The agent computes the hardware hash and fingerprint when the machine is registered for use with Systems Manager. Then, the fingerprint is passed back to the Systems Manager service when the agent sends a RegisterManagedInstance command.

Later, when sending a RequestManagedInstanceRoleToken command, the agent checks the fingerprint and hardware hash in the Vault to make sure that the current machine attributes match with the stored hardware hash. If the current machine attributes do match the hardware hash stored in the Vault, the agent passes in the fingerprint from the Vault to RegisterManagedInstance, resulting in a successful call.

If the current machine attributes don't match the stored hardware hash, SSM Agent computes a new fingerprint, stores the new hardware hash and fingerprint in the Vault, and passes the new fingerprint to RequestManagedInstanceRoleToken. This causes RequestManagedInstanceRoleToken to fail, and the agent won't be able to obtain a role token to connect to the Systems Manager service.

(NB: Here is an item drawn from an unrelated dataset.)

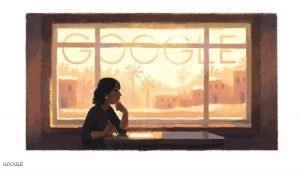 ونشر “غوغل” على واجهة الصفحة الرئيسية له في المنطقة العربية رسما للكاتبة المصرية الراحلة وهي تحمل القلم.
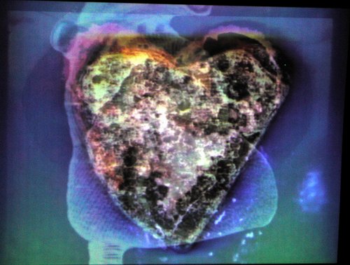 DVD, clay and wood together at the New Media Art Festival. On the screen:

This failure is by design and is used as a verification step to prevent multiple managed nodes from communicating with the Systems Manager service as the same managed node.

When comparing the current machine attributes to the hardware hash stored in the Vault, the agent uses the following logic to determine whether the old and new hashes match:

  • If the SID (system/machine ID) is different, then no match.

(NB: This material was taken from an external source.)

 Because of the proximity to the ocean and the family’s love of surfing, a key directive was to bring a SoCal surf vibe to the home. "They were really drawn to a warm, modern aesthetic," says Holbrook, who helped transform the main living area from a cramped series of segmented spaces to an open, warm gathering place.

  • Otherwise, if the IP address is the same, then match.

  • Otherwise, the percentage of machine attributes that match is computed and compared with the user-configured similarity threshold to determine whether there is a match.

The similarity threshold is stored in the Vault, as part of the hardware hash.

The similarity threshold can be set after an instance is registered using a command like the following.

On Linux machines:

sudo amazon-ssm-agent -fingerprint -similarityThreshold 1

On Windows Server machines using PowerShell:

cd "C:\Program Files\Amazon\SSM\" ` .\amazon-ssm-agent.exe -fingerprint -similarityThreshold 1
Important

If one of the components used to calculate the fingerprint changes, this can cause the agent to hibernate. To help avoid this hibernation, set the similarity threshold to a low value, such as 1.

SSM Agent on GitHub

The source code for SSM Agent is available on GitHub so that you can adapt the agent to meet your needs. We encourage you to submit pull requests for changes that you would like to have included. However, Amazon Web Services doesn't provide support for running modified copies of this software.